Properties and applications

DPPH has several crystalline forms which differ by the lattice symmetry and melting point. The commercial powder is a mixture of phases which melts at ~130 °C. DPPH-I (m.p. 106 °C) is orthorhombic, DPPH-II (m.p. 137 °C) is amorphous and DPPH-III (m.p. 128–129 °C) is triclinic.[2]

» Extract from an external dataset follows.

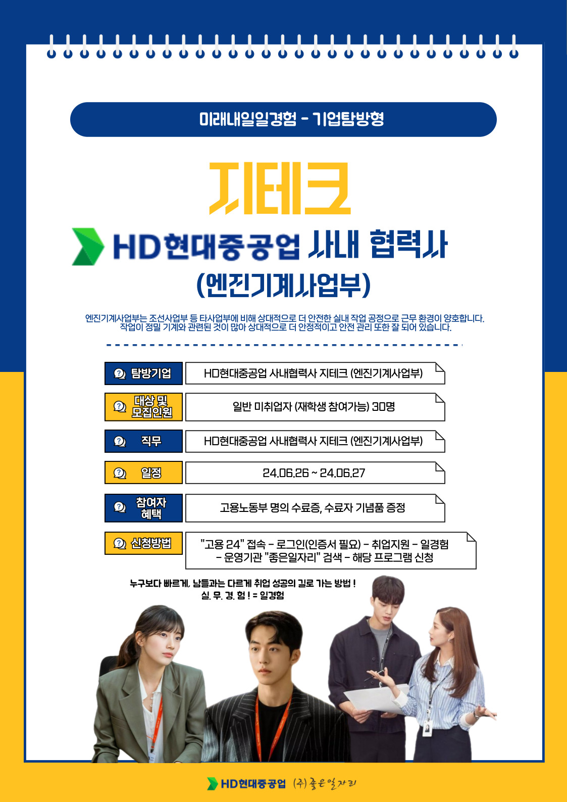 고용노동부 기업탐방 프로그램 안내 (HD현대미포, 지테크_HD현대중공업 엔진기계사업부 사내협력사)
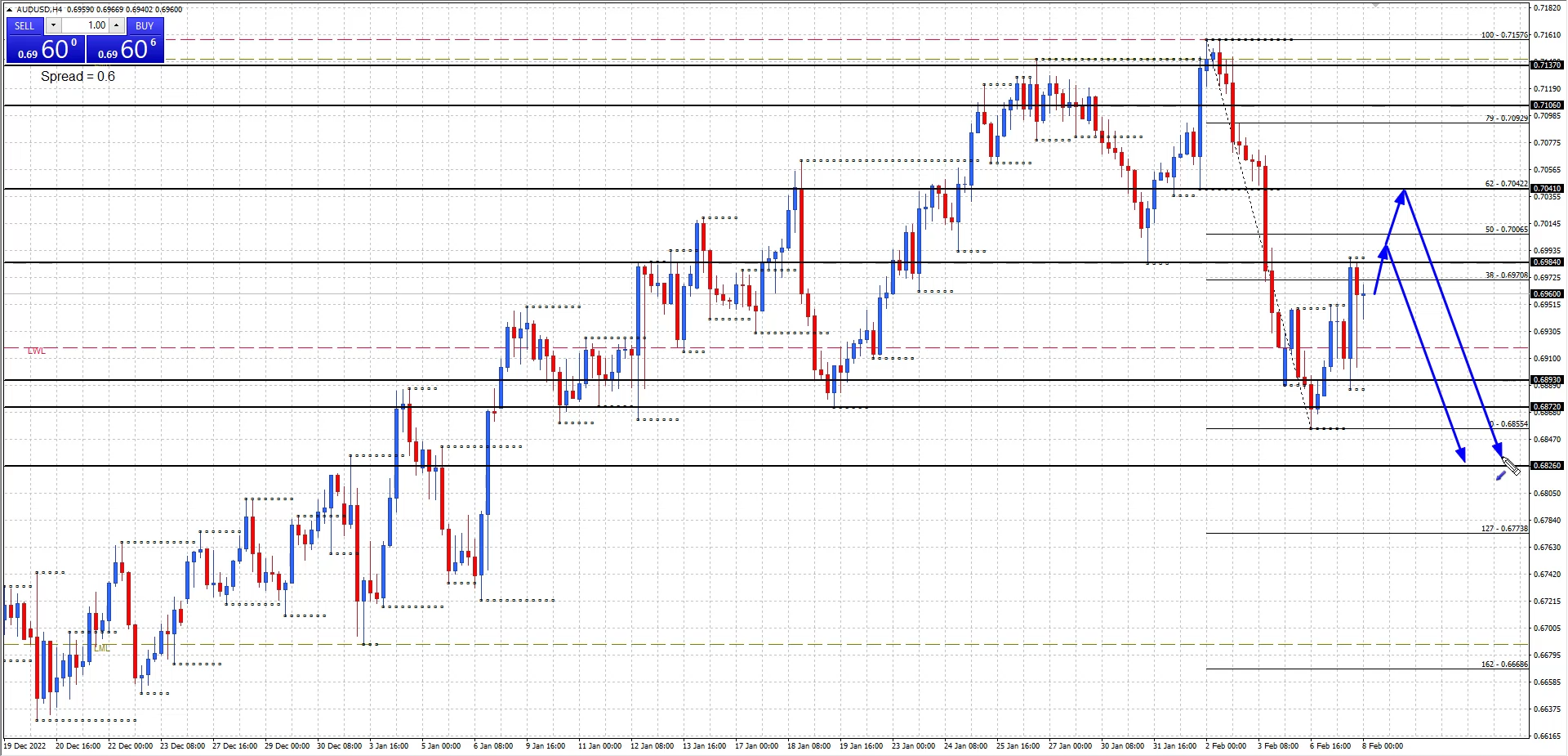 Watching for price to rally and fail at an intraday resistance level for a further decline targeting the 0.6826 monthly support level.

DPPH is a well-known radical and a trap ("scavenger") for other radicals. Therefore, rate reduction of a chemical reaction upon addition of DPPH is used as an indicator of the radical nature of that reaction. Because of a strong absorption band centered at about 520 nm, the DPPH radical has a deep violet color in solution, and it becomes colorless or pale yellow when neutralized. This property allows visual monitoring of the reaction, and the number of initial radicals can be counted from the change in the optical absorption at 520 nm or in the EPR signal of the DPPH.[3]

DPPHreact.png

Because DPPH is an efficient radical trap, it is also a strong inhibitor of radical-mediated polymerization.[4]

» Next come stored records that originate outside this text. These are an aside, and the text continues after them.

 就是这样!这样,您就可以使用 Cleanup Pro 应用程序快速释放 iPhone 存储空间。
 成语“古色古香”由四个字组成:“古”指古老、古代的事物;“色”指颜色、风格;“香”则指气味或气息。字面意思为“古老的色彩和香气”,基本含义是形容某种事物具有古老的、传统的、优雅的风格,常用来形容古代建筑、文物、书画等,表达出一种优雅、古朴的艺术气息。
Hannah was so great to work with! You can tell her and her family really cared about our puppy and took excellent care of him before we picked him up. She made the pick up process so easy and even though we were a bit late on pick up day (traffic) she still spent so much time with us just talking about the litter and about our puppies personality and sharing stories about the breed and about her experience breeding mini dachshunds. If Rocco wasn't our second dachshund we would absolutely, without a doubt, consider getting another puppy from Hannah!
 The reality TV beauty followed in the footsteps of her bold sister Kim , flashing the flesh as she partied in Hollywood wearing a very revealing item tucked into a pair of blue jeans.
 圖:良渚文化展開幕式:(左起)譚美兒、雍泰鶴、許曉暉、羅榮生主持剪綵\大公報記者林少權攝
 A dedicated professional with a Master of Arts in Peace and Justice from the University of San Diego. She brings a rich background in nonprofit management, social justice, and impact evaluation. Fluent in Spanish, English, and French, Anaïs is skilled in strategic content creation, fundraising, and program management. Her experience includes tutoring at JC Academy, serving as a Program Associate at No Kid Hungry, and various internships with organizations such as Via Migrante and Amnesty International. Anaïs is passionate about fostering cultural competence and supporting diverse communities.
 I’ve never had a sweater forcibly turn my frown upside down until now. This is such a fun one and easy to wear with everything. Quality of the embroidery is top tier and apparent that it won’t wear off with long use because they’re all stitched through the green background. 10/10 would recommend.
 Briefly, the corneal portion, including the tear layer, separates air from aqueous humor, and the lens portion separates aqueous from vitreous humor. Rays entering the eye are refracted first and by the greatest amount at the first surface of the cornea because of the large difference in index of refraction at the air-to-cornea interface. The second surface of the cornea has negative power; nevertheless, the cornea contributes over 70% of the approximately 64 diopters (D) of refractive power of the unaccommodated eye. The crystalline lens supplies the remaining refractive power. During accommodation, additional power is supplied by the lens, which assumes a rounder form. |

Inhibition of polymer chain, R, by DPPH.

As a stable and well-characterized solid radical source, DPPH is the traditional and perhaps the most popular standard of the position (g-marker) and intensity of electron paramagnetic resonance (EPR) signals – the number of radicals for a freshly prepared sample can be determined by weighing and the EPR splitting factor for DPPH is calibrated at g = 2.0036. DPPH signal is convenient by that it is normally concentrated in a single line, whose intensity increases linearly with the square root of microwave power in the wider power range. The dilute nature of the DPPH radicals (one unpaired spin per 41 atoms) results in a relatively small linewidth (1.5–4.7 G). The linewidth may however increase if solvent molecules remain in the crystal and if measurements are performed with a high-frequency EPR setup (~200 GHz), where the slight g-anisotropy of DPPH becomes detectable.[5][6]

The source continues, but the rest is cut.